In sitcom land, another fractured family

First Impressions CBS, 8-8:30 p.m. Saturday. Stars: Brad Garrett, Thom Sharp, and Brandy Gold. Producers: Fred Freeman and Lawrence Cohen. Co-producers: Frank Welker and Gordon Hunt. The family is in the spotlight in TV sitcoms just as it seems to be in politics. But traditional family units, as in ``Leave It to Beaver'' and ``The Partridge Family,'' are not quite trendy enough in these days of offbeat groupings. Witness ``Kate & Allie,'' ``Golden Girls,'' and ``Family Ties.''

Now CBS is desperately reaching for still another kind of family in its new interim summer-fall sitcom, ``First Impressions'':

A father and daughter are left to keep the home fires burning in Omaha when Mom leaves to ``find herself.''

A little late for relevance

How's that for relevance? About 10 years too late, you say? Well, TV doesn't want to be too far ahead of its audiences, you know.

In this new, very temporary sitcom, just about all Dad has going for him is height. He's 6 feet, 9 inches and covers up his inability to feel emotions with sound effects, sight gags, impressions, and, well, lots of ``tall'' jokes.

Daughter knows best

There's also a precocious daughter, far wiser than Dad, who resents Mom's departure; an overambitious business partner; and a secretary whose book-burning father thinks ``Bambi'' is subversive.

In the course of the first two episodes I viewed, just about every male/female stereotype was given a superficial airing.

In its own bubble-headed way, ``First Impressions'' manages to be offensively sexist: Dad's just a big overgrown lovable kid, and there's no attempt to understand the wife's departure.

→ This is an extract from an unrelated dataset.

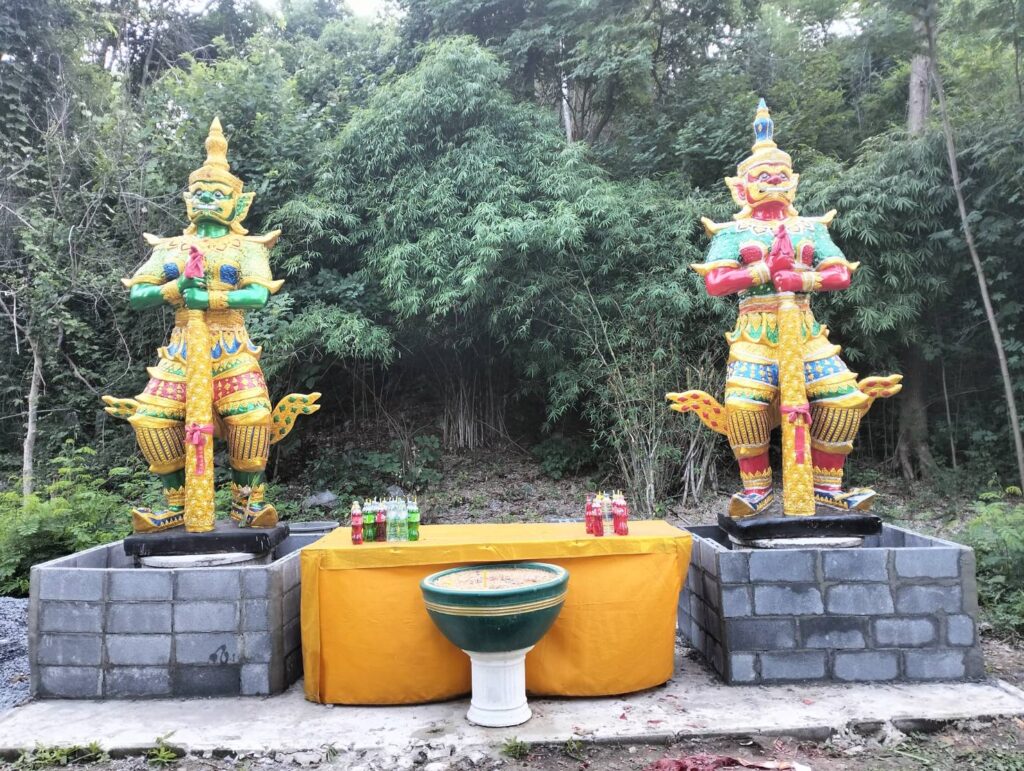 รวมทั้งบูชา ดอกกุหลาบแดง น้ำแดง ประทัด กราบไหว้ขอโชคลาภจาก ท้าวเวสสุวรรณโณ (ท้าวเวสเศรษฐี) ปางยักษ์องค์ยืนสูงใหญ่หันหน้าออกไปทางซุ้มประตู
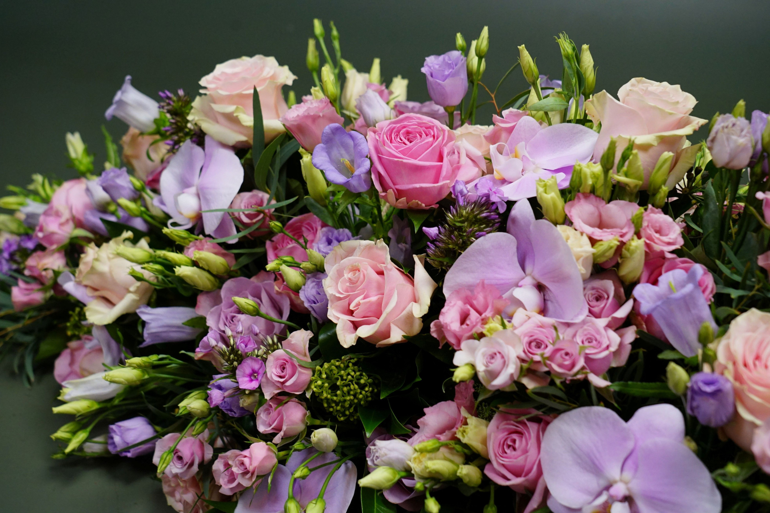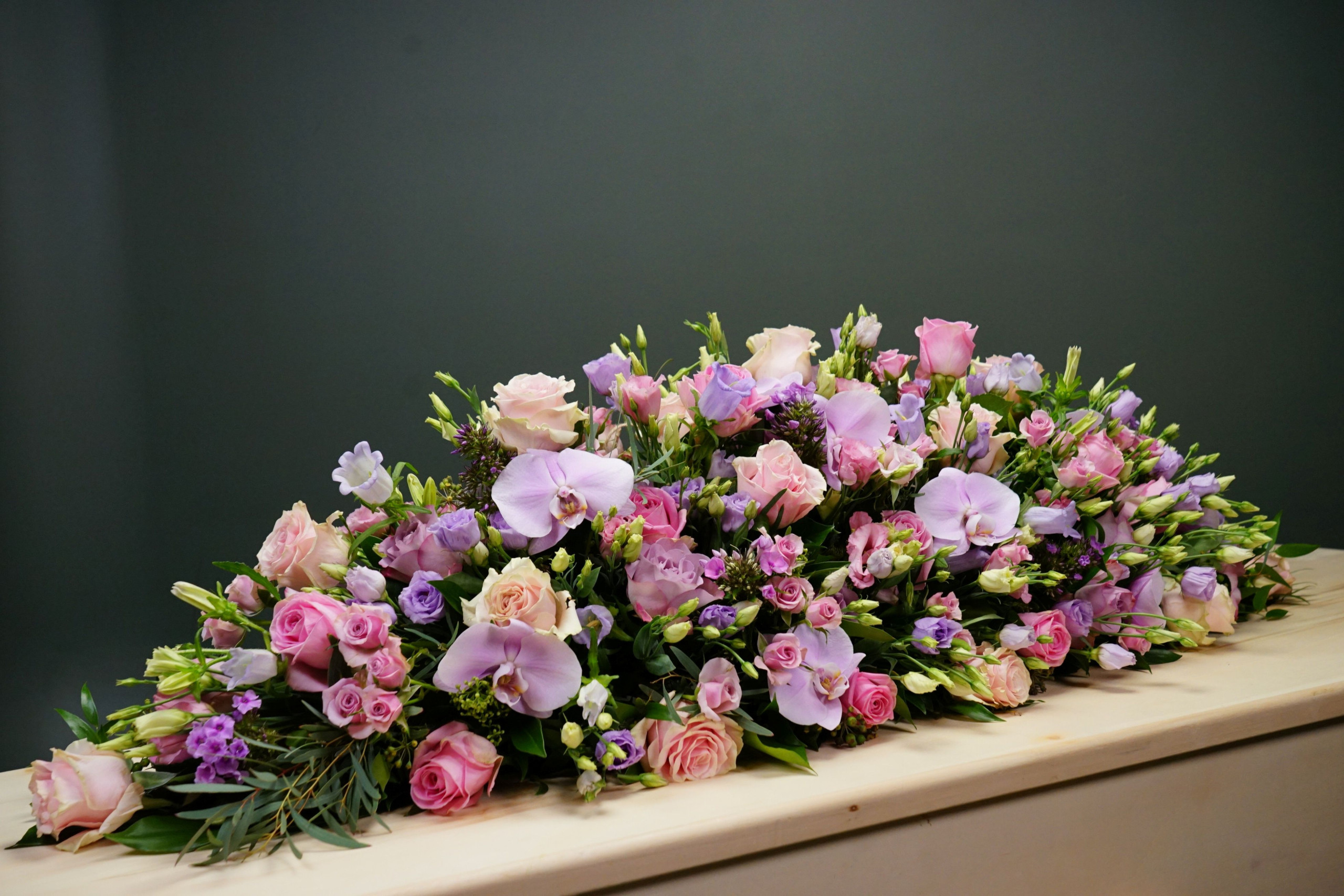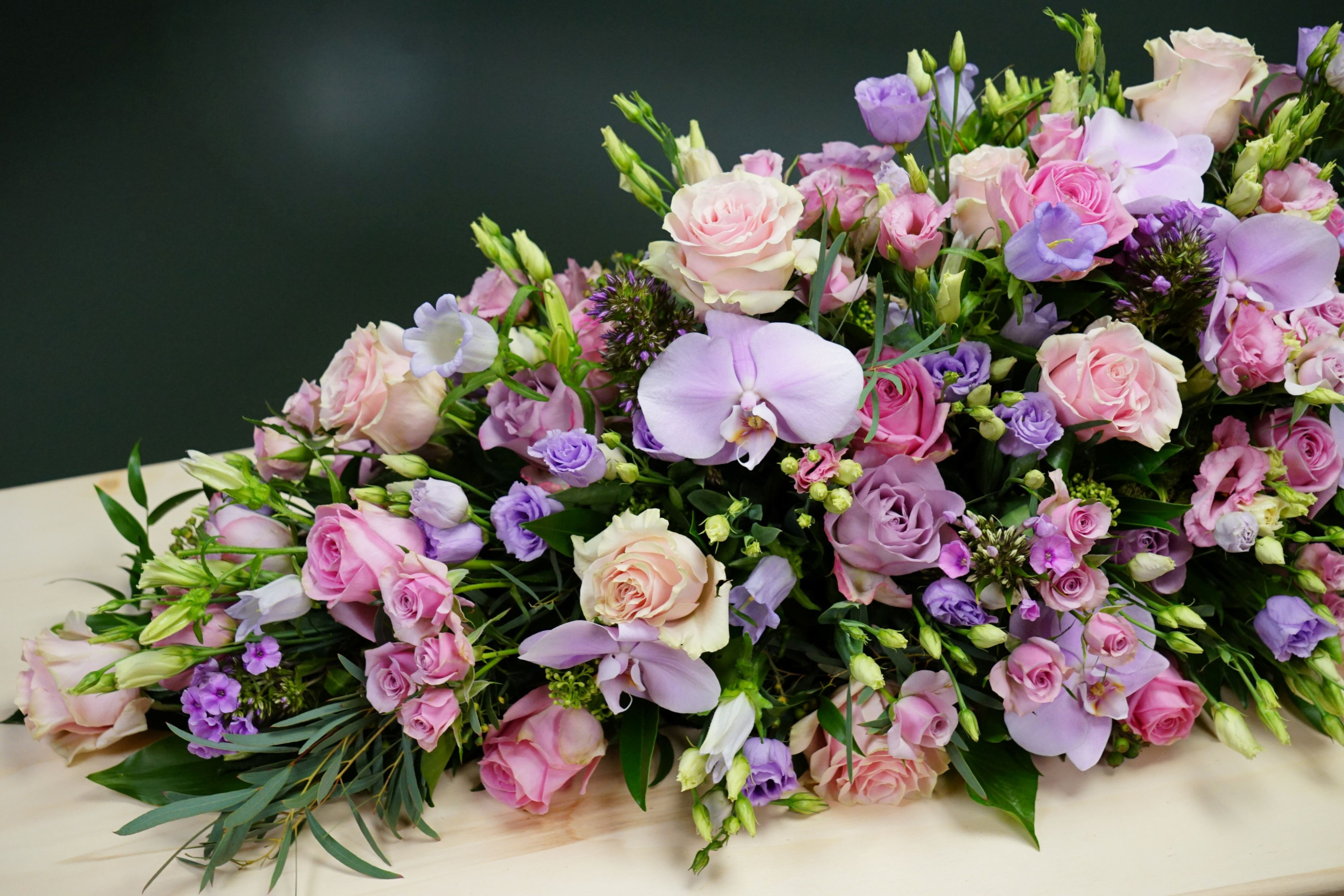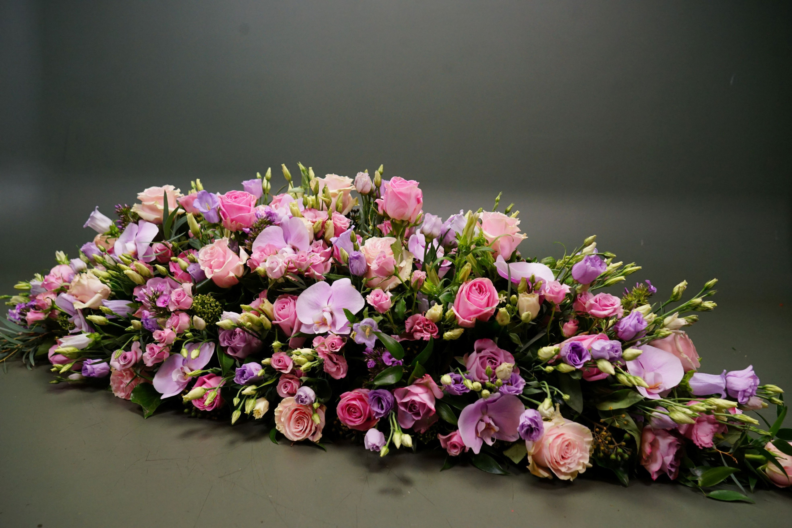 Ziet u de rijkdom aan bloemen in dit arrangement? Zijn de roze+lila tinten juist voor u in deze bijzondere situatie zo vanzelfsprekend?

But after coping in the first two episodes with ``lovable'' Brad's playful impressions, viewers may well understand why she left.

``First Impressions'' has a likable star in Brad Garrett. It also has a determinedly offbeat premise, and it makes a blunt try at relevance, with its villainous, callous feminist wife.

But questions of relevance aside, the series lacks a few other essential contemporary ingredients as well: taste, wit, charm, and intelligence.

Arthur Unger is the Monitor's television critic.